The Washington Underinsured Motorist (UIM) statute requires UIM insurance to be “provided . . . for the protection of persons insured thereunder who are legally entitled to recover damages from owners or operators of underinsured motor vehicles . . . .” RCW 48.22.030(2). RCW 48.22.030(1) defines an “underinsured motor vehicle” as

a motor vehicle with respect to the ownership, maintenance, or use of which either no bodily injury or property damage liability bond or insurance policy applies at the time of an accident, or with respect to which the sum of the limits of liability under all bodily injury or property damage liability bonds and insurance policies applicable to a covered person after an accident is less than the applicable damages which the covered person is legally entitled to recover.

RCW 48.22.030(1) (emphasis added). The UIM statute cov *264 ers damages by both noninsured and underinsured vehicles. “The intent is that UIM insurance supplement but not supplant liability insurance.” Allstate Ins. Co. v. Dejbod, 63 Wn. App. 278, 284, 818 P.2d 608 (1991). In other words, “liability insurance is primary, while UIM insurance is secondary.” Dejbod, 63 Wn. App. at 284.

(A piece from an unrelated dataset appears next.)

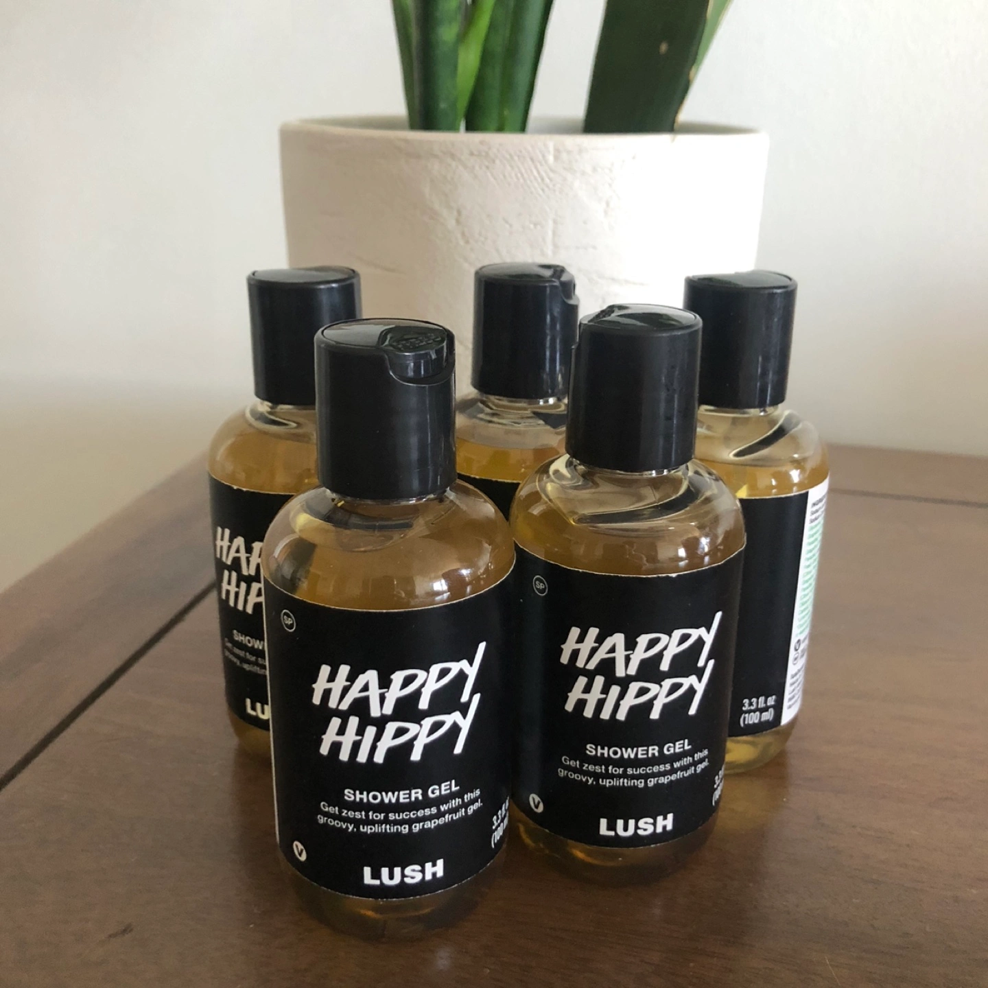 Selling 5 bottles (100 mL each) of Lush Happy Hippy shower gel! It's a groovy, uplifting grapefruit scent that's perfect for a little zest in your day.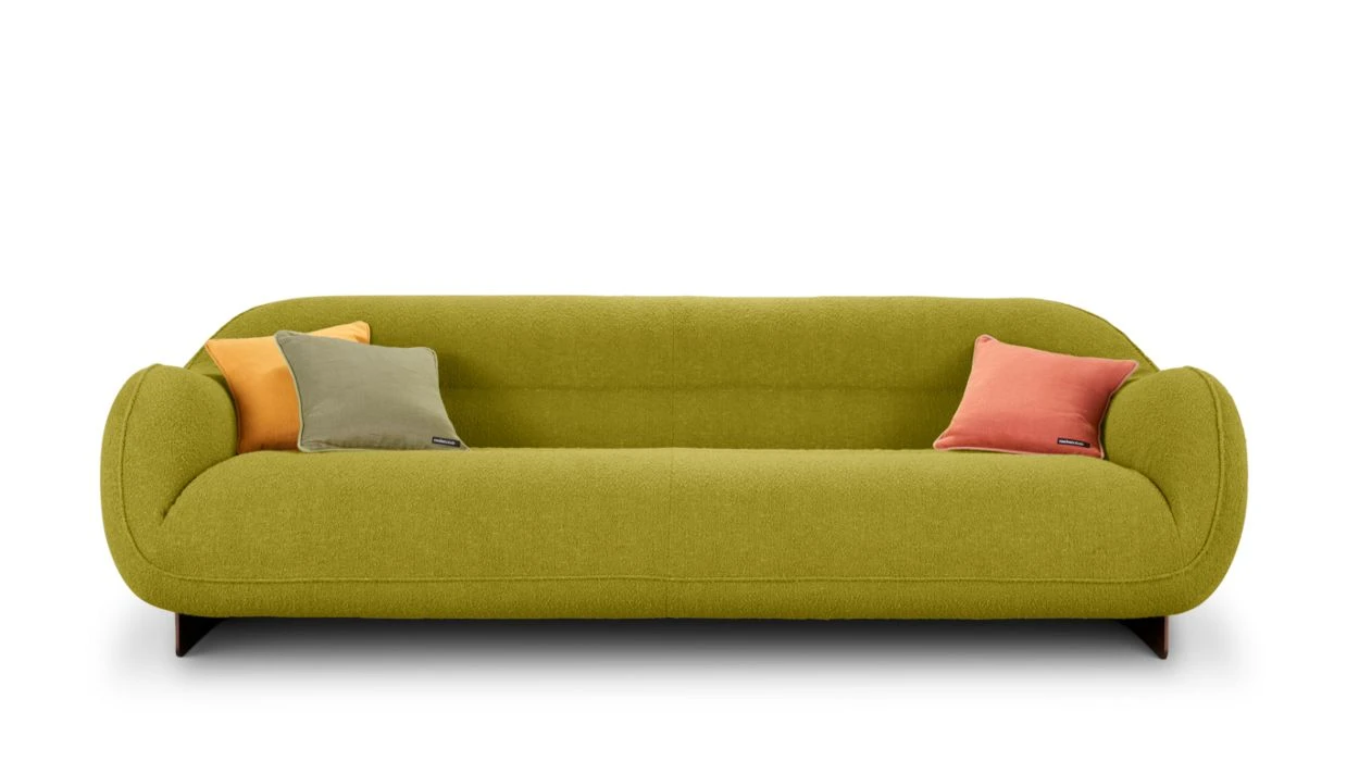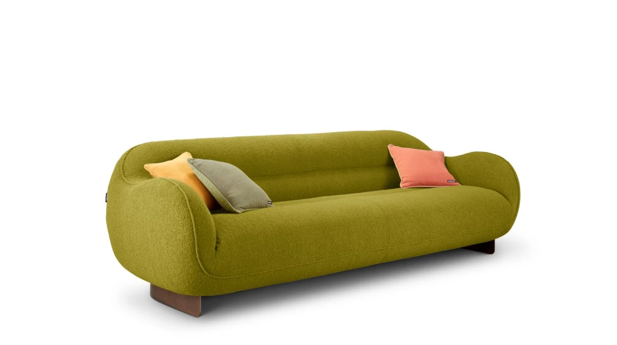 Upholstered in Ricochet fabric (56% acrylic, 15% polyester, 12% viscose, 11% cotton, 6% linen). Seat in tri-density polyurethane foam 35-37-25 kg/m³. Back in tri-density HR polyurethane foam 35-21-25 kg/m³. Structure in solid fir wood, pine plywood and particle board. Extra large HR elastic straps suspension. Metal base in bronze stain varnish finish.

1. Applicable Insurance Policies

The UIM statute requires a UIM insurer to pay “(1) a claimant’s legally recoverable (‘applicable’) damages or UIM limits, whichever is less, minus (2) ‘the sum of the limits bf liability under all. . . insurance policies applicable to a covered person after an accident.’ ” Dejbod, 63 Wn. App. at 284 (quoting RCW 48.22.030(1)) (emphasis added). An insurance policy is “applicable” when “the claimant, if he or she diligently pursued the claim against the liability insured to final adjudication, could legally require the liability insurer to pay.” Dejbod, 63 Wn. App. at 284-85.

[T]he UIM insurer . . . undertakes a duty to pay that extends no farther than the legal liability of the involved tortfeasors, if any. Thus, when it is said that the purpose of liability and UIM insurance is “full compensation for the victims of auto accidents,” what is meant is that liability and UIM insurance, working together, are intended to fully compensate claimants for those amounts that they are legally entitled to recover from liable tortfeasors, up to the sum of applicable liability and UIM limits. See Tissell v. Liberty Mut. Ins. Co., 115 Wn.2d [107,] 120 [795 P.2d 126 (1990)] (Callow, C.J., concurring); Britton v. Safeco Ins. Co. of Am., 104 Wn.2d [518,] 531 [707 P.2d 125 (1985)].[ 3 ]

Dejbod, 63 Wn. App. at 283.

The question of whether a plaintiff can recover from an insured determines only whether the policy is applicable.